**COLLECTED DATA:**

.....

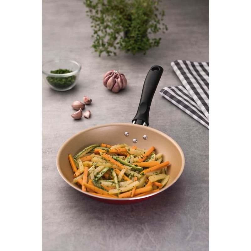 Para garantir refeições muito mais práticas e saborosas, a frigideira Tramontina Turim em alumínio com revestimento interno e externo em antiaderente Starflon Max vermelha 20 centímetros de diâmetro 0,8 litros é uma ótima escolha. Produzida em alumínio com espessura de 1,2 milímetros e com revestimento interno e externo em antiaderente Starflon Max, ela vai garantir que os alimentos não grudem em sua superfície, facilidade na limpeza, maior durabilidade e não é prejudicial a saúde. Seu cabo em baquelite garante maior segurança durante o manuseio, pois não aquece. Uma frigideira que pode ir à máquina de lavar louças, otimizando e facilitando o seu dia!
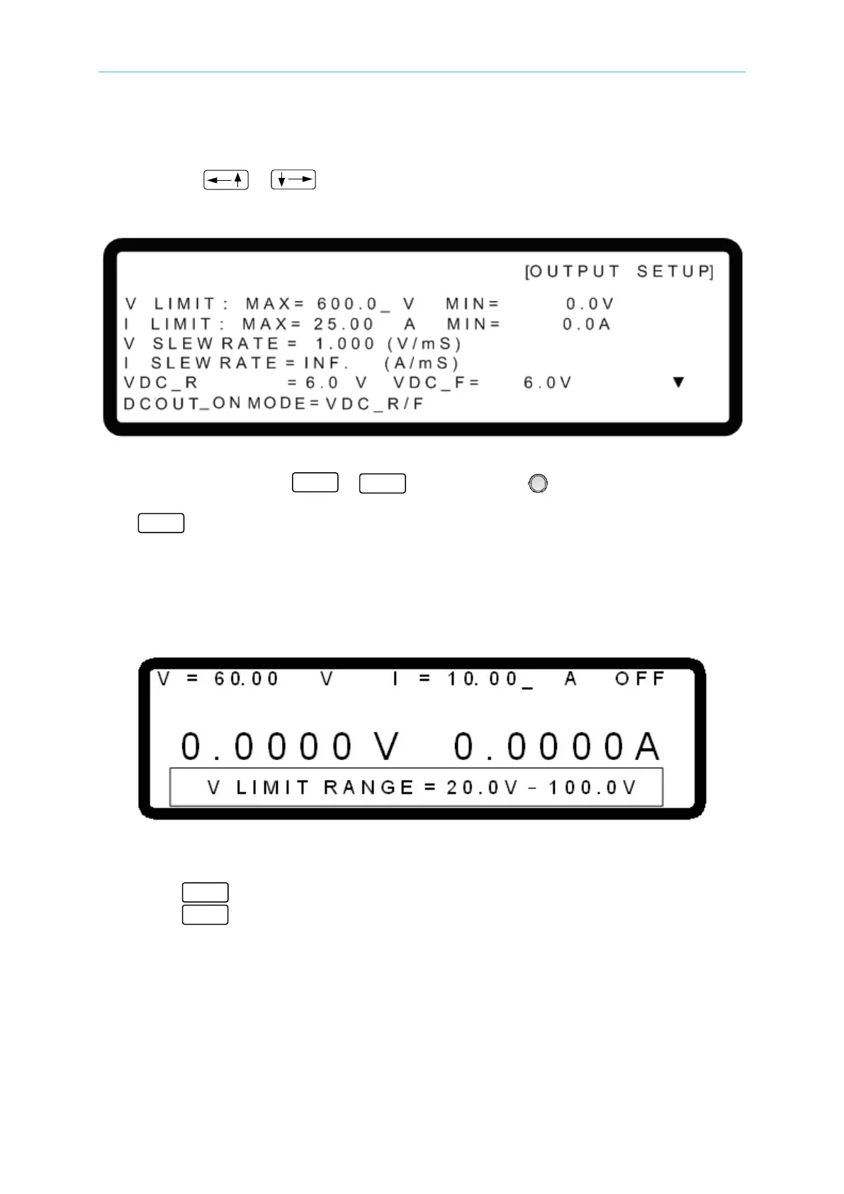 LIMIT is set to MAX=100V, MIN=20V and the setting exceeds the output voltage set by
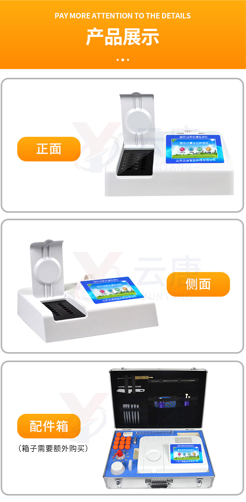 | 儀器采用臺式一體化系統(tǒng)檢測技術(shù),將分光光度模塊、新型農(nóng)殘檢測模塊、數(shù)字化管理模塊、無線通訊模塊高度集成于一體,支持檢測200種食品安全檢測項(xiàng)目,同時(shí)預(yù)留升級檢測方法。 | 儀器檢測模塊標(biāo)準(zhǔn)化、智能化,可隨意自由組合。檢測箱體內(nèi)置多個(gè)標(biāo)準(zhǔn)檢測單元,檢測模塊可以調(diào)整配置。 | 儀器采用全新安卓智能系統(tǒng),主控芯片采用 ARM Cortex-A7,RK3288/4核處理器,10.1寸高清液晶觸摸豎屏,更加**的UI交互界面,運(yùn)轉(zhuǎn)快捷;儀器配備無線通信模塊: 4G(APN)通訊模塊、Wifi模塊,藍(lán)牙傳輸,同時(shí)具有雙USB接口以及RJ45接口能以多種方式實(shí)現(xiàn)數(shù)據(jù)保存和數(shù)據(jù)傳輸功能。 | 創(chuàng)新檢測模式: | ★檢測通道:≥12通道;采用精密旋轉(zhuǎn)比色池設(shè)計(jì),使用同芯片同光源校準(zhǔn)精度,解決不同光源之間的誤差值。1-12通道間誤差0.1%。(***:**202022821055.2) | ★儀器具有自動(dòng)識別比色皿檢測功能,即:將樣品比色皿放入儀器后,點(diǎn)擊樣品檢測,儀器自動(dòng)識別比色皿進(jìn)行通道檢測。 | 進(jìn)口高精光源: | 高精度進(jìn)口四波長冷光源,通道配置 410、520、590、630nm 波長光源,一個(gè)光源芯片驅(qū)動(dòng)一個(gè)光源,誤差極小,每臺設(shè)備單獨(dú)**校準(zhǔn)光源,**比對,同時(shí)參照四種不同波段光源全方位覆蓋市面上99%的農(nóng)殘食品項(xiàng)目檢測。 | 智能化操作系統(tǒng): | 便捷操作系統(tǒng):設(shè)備檢測時(shí)可在同一檢測界面自動(dòng)對應(yīng)相關(guān)檢測通道一次性選擇1-12個(gè)樣品名稱,無須退出界面,節(jié)省操作時(shí)間。 | 數(shù)據(jù)集成系統(tǒng):設(shè)備首頁自動(dòng)統(tǒng)計(jì)檢測數(shù)據(jù)包含:周檢測數(shù)據(jù)、月檢測數(shù)據(jù),全部檢測總數(shù)量,均包含檢測總數(shù),合格數(shù),不合格數(shù),以及相關(guān)柱形分析圖,對各項(xiàng)檢測數(shù)據(jù)清晰掌握,無需電腦查詢,更加快捷直觀。 | 項(xiàng)目預(yù)設(shè)系統(tǒng):支持添加單個(gè)及多個(gè)相同或不相同的任務(wù)預(yù)設(shè),一鍵快速調(diào)取,每一個(gè)任務(wù)分別可以設(shè)置不同的樣品、批次、編號、來源、備注、抽樣信息、檢測信息、受檢信息、復(fù)核信息等更多信息。無縫鏈接平臺和APP實(shí)時(shí)查看下發(fā)任務(wù)。 | 數(shù)據(jù)監(jiān)管系統(tǒng):同步對接監(jiān)管平臺,數(shù)據(jù)可局域網(wǎng)和互聯(lián)網(wǎng)數(shù)據(jù)上傳,檢測結(jié)果可選擇直接傳至食品安全監(jiān)管平臺。集成OSS輸出存儲服務(wù)、區(qū)分設(shè)備定向管理應(yīng)用,進(jìn)行區(qū)域食品安全監(jiān)管及大數(shù)據(jù)分析處理與數(shù)據(jù)統(tǒng)計(jì),檢測區(qū)域食品安全長短期動(dòng)態(tài),達(dá)到食品安全問題預(yù)估、預(yù)警。 | 自定義打印系統(tǒng):內(nèi)置全新打印系統(tǒng),新創(chuàng)自定義打印方式,可按需靈活設(shè)置開啟或關(guān)閉:產(chǎn)品合格證(國家農(nóng)業(yè)部標(biāo)準(zhǔn)要求),二維碼,抽樣信息、檢測信息,受檢信息、復(fù)核信息、抽樣日期、檢測日期等信息的打印。 | 系統(tǒng)遠(yuǎn)程更新功能:可定向分客戶分儀器更新系統(tǒng),按照不同客戶后期實(shí)際需求添加項(xiàng)目,無需機(jī)器返廠,即可遠(yuǎn)程實(shí)時(shí)升級全新系統(tǒng),節(jié)省時(shí)間成本及避免運(yùn)輸造成設(shè)備損壞。 | 儀器主機(jī)采用一體化防水、抗壓、防撞擊、防腐蝕箱體設(shè)計(jì),同時(shí)配備交直流供電,可連接車載電源,可選配大容量充電鋰電池,滿足現(xiàn)場野外檢測需求。 | 安全證書,放心保障:儀器具有中國計(jì)量科學(xué)研究院校準(zhǔn)證書,權(quán)威認(rèn)證。 |

.....

**TASK:**
Could you transcribe all of the data exactly, keeping every picture out of the copy?

**RESULT OF THE EXERCISE:**
 Para garantir refeições muito mais práticas e saborosas, a frigideira Tramontina Turim em alumínio com revestimento interno e externo em antiaderente Starflon Max vermelha 20 centímetros de diâmetro 0,8 litros é uma ótima escolha. Produzida em alumínio com espessura de 1,2 milímetros e com revestimento interno e externo em antiaderente Starflon Max, ela vai garantir que os alimentos não grudem em sua superfície, facilidade na limpeza, maior durabilidade e não é prejudicial a saúde. Seu cabo em baquelite garante maior segurança durante o manuseio, pois não aquece. Uma frigideira que pode ir à máquina de lavar louças, otimizando e facilitando o seu dia!
 LIMIT is set to MAX=100V, MIN=20V and the setting exceeds the output voltage set by
 | 儀器采用臺式一體化系統(tǒng)檢測技術(shù),將分光光度模塊、新型農(nóng)殘檢測模塊、數(shù)字化管理模塊、無線通訊模塊高度集成于一體,支持檢測200種食品安全檢測項(xiàng)目,同時(shí)預(yù)留升級檢測方法。 | 儀器檢測模塊標(biāo)準(zhǔn)化、智能化,可隨意自由組合。檢測箱體內(nèi)置多個(gè)標(biāo)準(zhǔn)檢測單元,檢測模塊可以調(diào)整配置。 | 儀器采用全新安卓智能系統(tǒng),主控芯片采用 ARM Cortex-A7,RK3288/4核處理器,10.1寸高清液晶觸摸豎屏,更加**的UI交互界面,運(yùn)轉(zhuǎn)快捷;儀器配備無線通信模塊: 4G(APN)通訊模塊、Wifi模塊,藍(lán)牙傳輸,同時(shí)具有雙USB接口以及RJ45接口能以多種方式實(shí)現(xiàn)數(shù)據(jù)保存和數(shù)據(jù)傳輸功能。 | 創(chuàng)新檢測模式: | ★檢測通道:≥12通道;采用精密旋轉(zhuǎn)比色池設(shè)計(jì),使用同芯片同光源校準(zhǔn)精度,解決不同光源之間的誤差值。1-12通道間誤差0.1%。(***:**202022821055.2) | ★儀器具有自動(dòng)識別比色皿檢測功能,即:將樣品比色皿放入儀器后,點(diǎn)擊樣品檢測,儀器自動(dòng)識別比色皿進(jìn)行通道檢測。 | 進(jìn)口高精光源: | 高精度進(jìn)口四波長冷光源,通道配置 410、520、590、630nm 波長光源,一個(gè)光源芯片驅(qū)動(dòng)一個(gè)光源,誤差極小,每臺設(shè)備單獨(dú)**校準(zhǔn)光源,**比對,同時(shí)參照四種不同波段光源全方位覆蓋市面上99%的農(nóng)殘食品項(xiàng)目檢測。 | 智能化操作系統(tǒng): | 便捷操作系統(tǒng):設(shè)備檢測時(shí)可在同一檢測界面自動(dòng)對應(yīng)相關(guān)檢測通道一次性選擇1-12個(gè)樣品名稱,無須退出界面,節(jié)省操作時(shí)間。 | 數(shù)據(jù)集成系統(tǒng):設(shè)備首頁自動(dòng)統(tǒng)計(jì)檢測數(shù)據(jù)包含:周檢測數(shù)據(jù)、月檢測數(shù)據(jù),全部檢測總數(shù)量,均包含檢測總數(shù),合格數(shù),不合格數(shù),以及相關(guān)柱形分析圖,對各項(xiàng)檢測數(shù)據(jù)清晰掌握,無需電腦查詢,更加快捷直觀。 | 項(xiàng)目預(yù)設(shè)系統(tǒng):支持添加單個(gè)及多個(gè)相同或不相同的任務(wù)預(yù)設(shè),一鍵快速調(diào)取,每一個(gè)任務(wù)分別可以設(shè)置不同的樣品、批次、編號、來源、備注、抽樣信息、檢測信息、受檢信息、復(fù)核信息等更多信息。無縫鏈接平臺和APP實(shí)時(shí)查看下發(fā)任務(wù)。 | 數(shù)據(jù)監(jiān)管系統(tǒng):同步對接監(jiān)管平臺,數(shù)據(jù)可局域網(wǎng)和互聯(lián)網(wǎng)數(shù)據(jù)上傳,檢測結(jié)果可選擇直接傳至食品安全監(jiān)管平臺。集成OSS輸出存儲服務(wù)、區(qū)分設(shè)備定向管理應(yīng)用,進(jìn)行區(qū)域食品安全監(jiān)管及大數(shù)據(jù)分析處理與數(shù)據(jù)統(tǒng)計(jì),檢測區(qū)域食品安全長短期動(dòng)態(tài),達(dá)到食品安全問題預(yù)估、預(yù)警。 | 自定義打印系統(tǒng):內(nèi)置全新打印系統(tǒng),新創(chuàng)自定義打印方式,可按需靈活設(shè)置開啟或關(guān)閉:產(chǎn)品合格證(國家農(nóng)業(yè)部標(biāo)準(zhǔn)要求),二維碼,抽樣信息、檢測信息,受檢信息、復(fù)核信息、抽樣日期、檢測日期等信息的打印。 | 系統(tǒng)遠(yuǎn)程更新功能:可定向分客戶分儀器更新系統(tǒng),按照不同客戶后期實(shí)際需求添加項(xiàng)目,無需機(jī)器返廠,即可遠(yuǎn)程實(shí)時(shí)升級全新系統(tǒng),節(jié)省時(shí)間成本及避免運(yùn)輸造成設(shè)備損壞。 | 儀器主機(jī)采用一體化防水、抗壓、防撞擊、防腐蝕箱體設(shè)計(jì),同時(shí)配備交直流供電,可連接車載電源,可選配大容量充電鋰電池,滿足現(xiàn)場野外檢測需求。 | 安全證書,放心保障:儀器具有中國計(jì)量科學(xué)研究院校準(zhǔn)證書,權(quán)威認(rèn)證。 |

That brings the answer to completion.